It's 2010 and we still don't have a standard way to represent link
dependencies (pkg-config might be the closest thing, but it's bad if you
have multiple versions of the same library, and the granularity is
wrong, e.g. if you want to link some exotic lib statically and the
common ones dynamically).

Jed

Re: [OMPI users] ABI stabilization/versioning

2010-01-25 Thread Jed Brown

On Mon, 25 Jan 2010 09:09:47 -0500, Jeff Squyres  wrote:
> The short version is that the possibility of static linking really
> fouls up the scheme, and we haven't figured out a good way around this
> yet.  :-(

So pkg-config addresses this with it's Libs.private field and an
explicit command-line argument when you want static libs, e.g.

  $ pkg-config --libs libavcodec
  -lavcodec  
  $ pkg-config --libs --static libavcodec
  -pthread -lavcodec -lz -lbz2 -lfaac -lfaad -lmp3lame -lopencore-amrnb 
-lopencore-amrwb -ltheoraenc -ltheoradec -lvorbisenc -lvorbis -logg -lx264 -lm 
-lxvidcore -ldl -lasound -lavutil

There is no way to simultaneously (a) prevent overlinking shared libs
and (b) correctly link static libs without an explicit statement from
the user about whether to link *your library* statically or dynamically.

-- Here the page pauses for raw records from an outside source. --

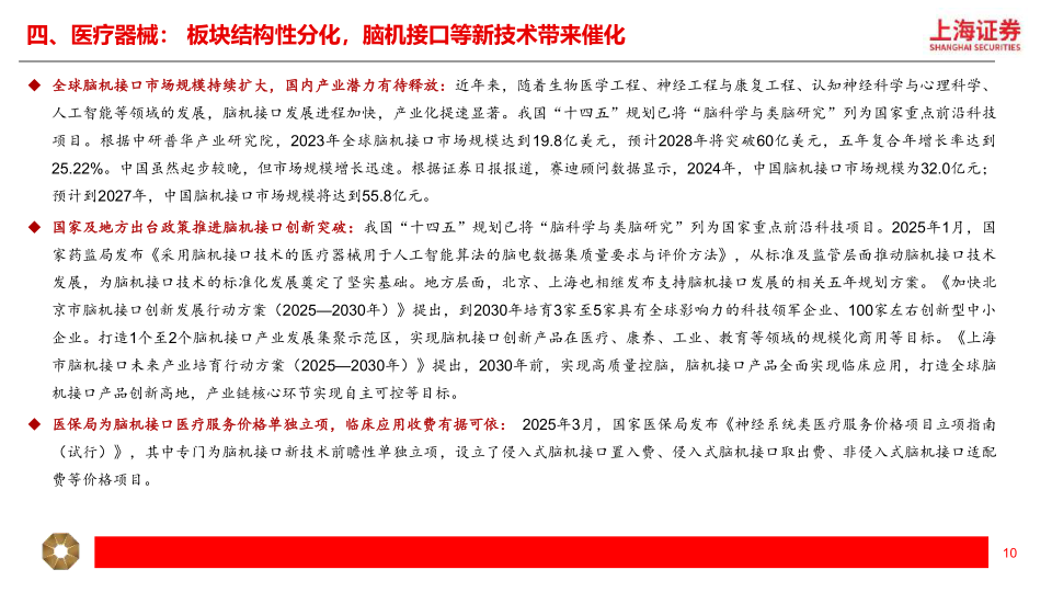 医疗器械板块呈现结构性分化,医疗设备板块受政策和市场因素影响,业绩阶段性承压,但2025年Q1招投标市场规模大幅增长。 高值耗材板块相对稳健。 脑机接口等新技术带来增量,市场规模持续扩大,国家和地方政策也积极推动其发展,医保局为脑机接口医疗服务价格单独立项。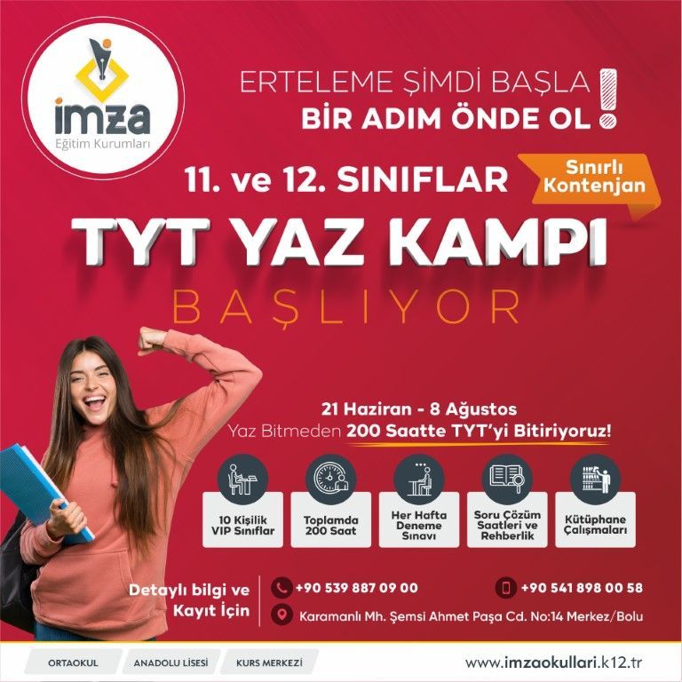 11. ve 12. sınıflara Özel TYT Yaz Kampı Başlıyor !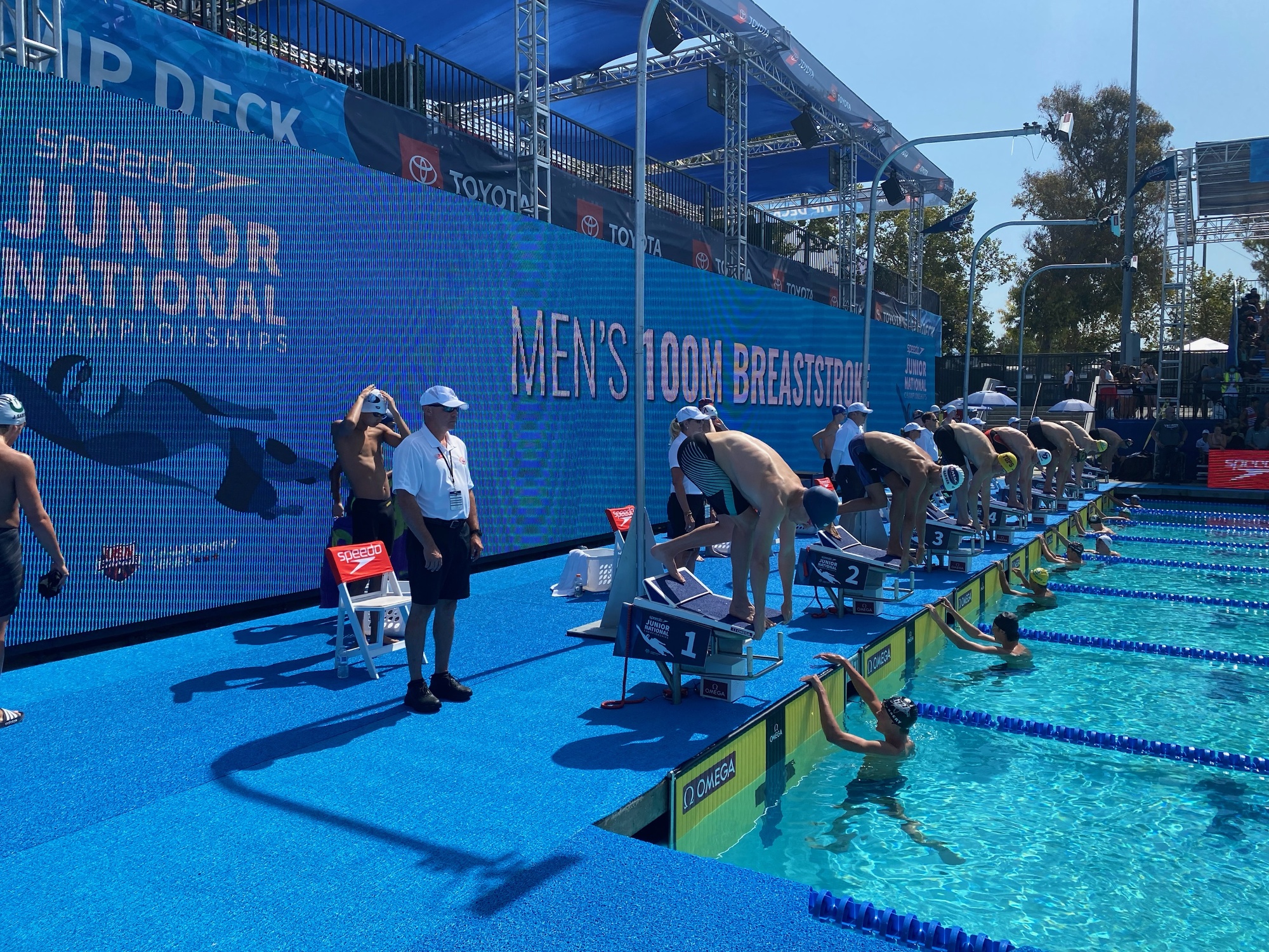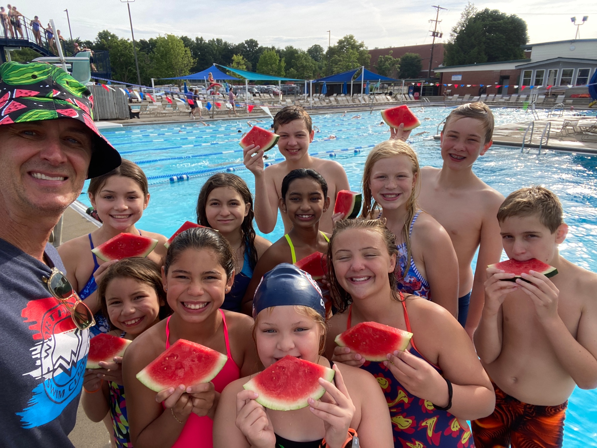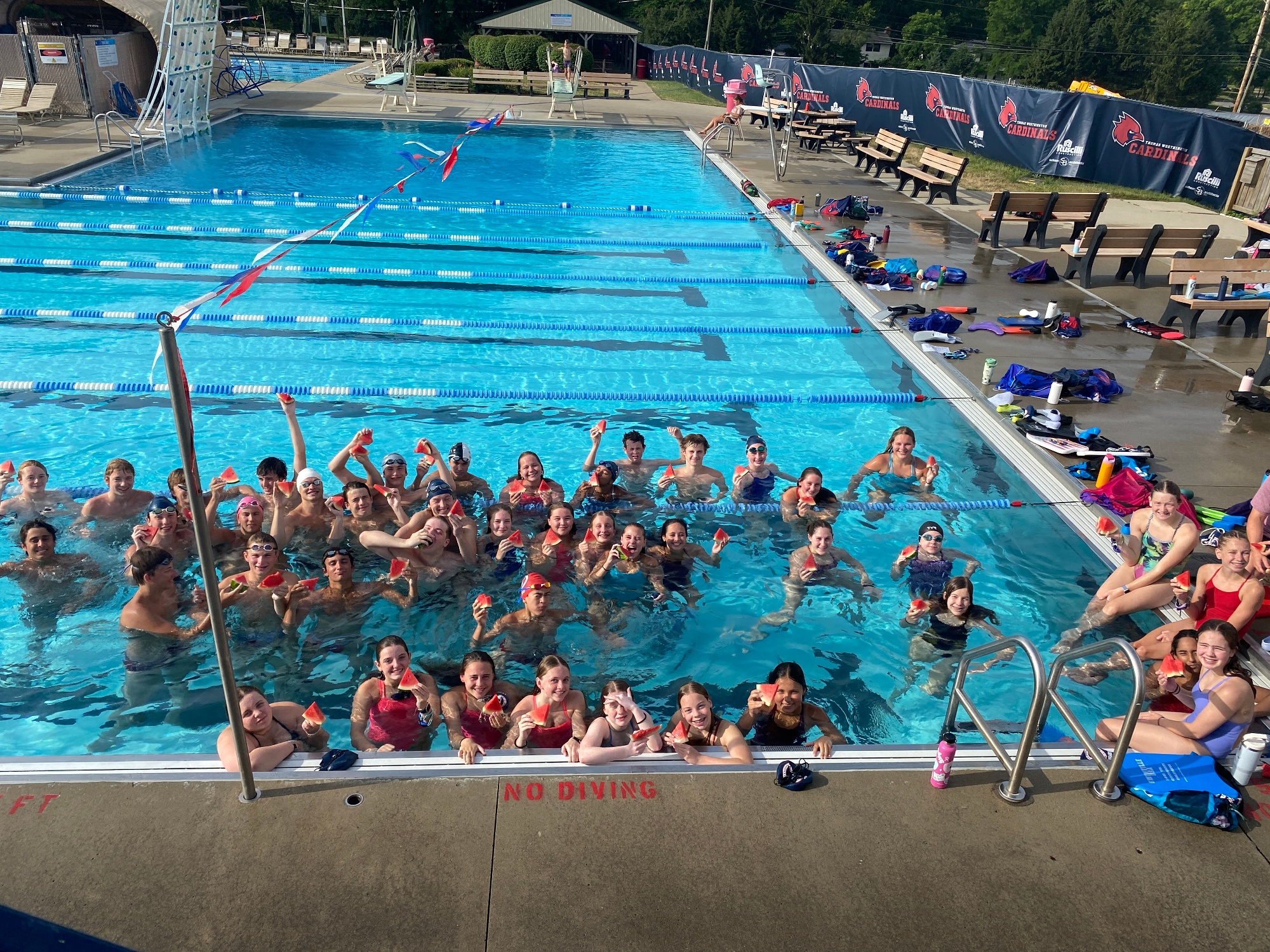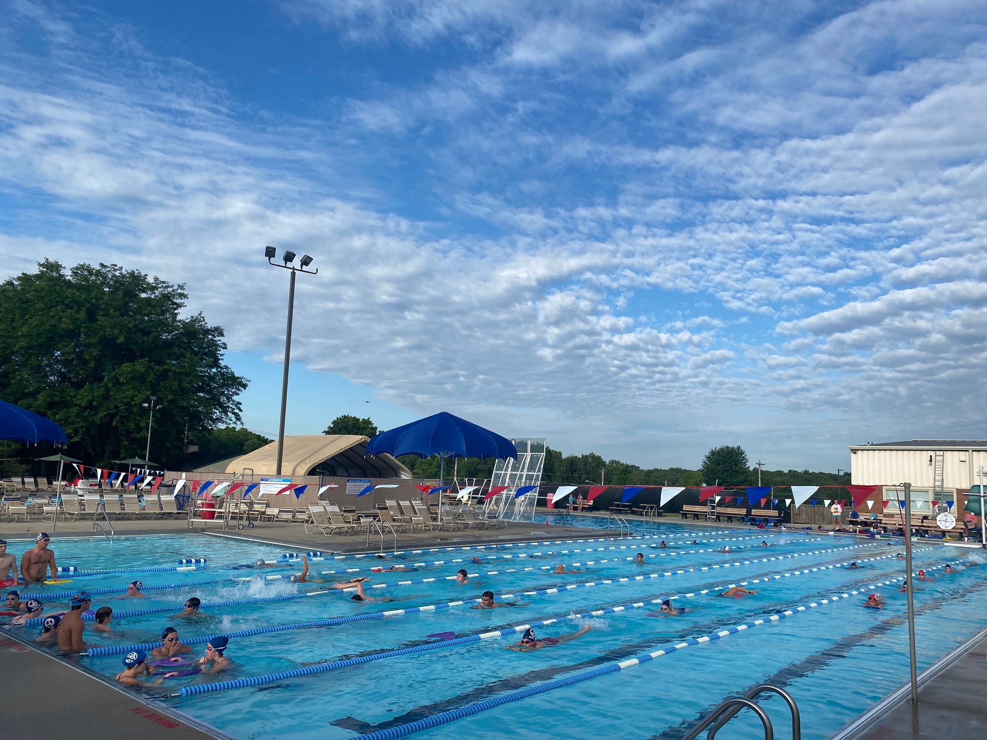 In the summer, our outdoor pool is a 6 lanes, 40 meters pool for long course training. In the Summer of 2027, we will be moving into an outdoor, 8 lanes, 50 meters pool.

Unfortunately, pkgconfig doesn't work well with multiple builds of a
package, and doesn't know how to link some libs statically and some
dynamically.

On the cited bug report, I just wanted to note that collapsing
libopen-rte and libopen-pal (even only in production builds) has the
undesirable effect that their ABI cannot change without incrementing the
soname of libmpi (i.e. user binaries are coupled just as tightly to
these libraries as when they were separate but linked explicitly, so
this offers no benefit at all).

Jed

Re: [OMPI users] More NetBSD fixes

2010-01-15 Thread Jed Brown

On Thu, 14 Jan 2010 21:55:06 -0500, Jeff Squyres  wrote:
> That being said, you could sign up on it and then set your membership to 
> receive no mail...?

This is especially dangerous because the Open MPI lists munge the
Reply-To header, which is a bad thing

  http://www.unicom.com/pw/reply-to-harmful.html

But lots of mailers have poor default handling of mailing lists, so it's
complicated.

With munging, a mailer's "reply-to-sender" function will send mail
*only* to the list and "reply-to-all" will send it to the list and any
other recipients, but *not* the sender (unless the mailer does special
detection of munged reply-to headers).  This makes it rather difficult
to participate in a discussion without receiving mail from the list, or
even to reliably filter list traffic (you have to write filter rules
that walk the References tree to find if it is something that would be
interesting to you, and then you get false positives from people who
reply to an existing thread when they wanted to make a new thread).

Jed

Re: [OMPI users] MPI debugger

2010-01-11 Thread Jed Brown

On Sun, 10 Jan 2010 19:29:18 +, Ashley Pittman  wrote:
> It'll show you parallel stack traces but won't let you single step for
> example.

Two lightweight options if you want stepping, breakpoints, watchpoints,
etc.

* Use serial debuggers on some interesting processes, for example with

mpiexec -n 1 xterm -e gdb --args ./trouble args : -n 2 ./trouble args : -n 
1 xterm -e gdb --args ./trouble args

  to put an xterm on rank 0 and 3 of a four process job (there are lots
  of other ways to get here).

* MPICH2 has a poor-man's parallel debugger, mpiexec.mpd -gdb allows you
  to send the same gdb commands to each process and collate the output.

Jed

Re: [OMPI users] Wrappers should put include path after user args

2009-12-04 Thread Jed Brown

On Fri, 4 Dec 2009 16:20:23 -0500, Jeff Squyres  wrote:
> Oy -- more specifically, we should not be putting -I/usr/include on
> the command line *at all* (because it's special and already included
> by the compiler search paths; similar for /usr/lib and /usr/lib64).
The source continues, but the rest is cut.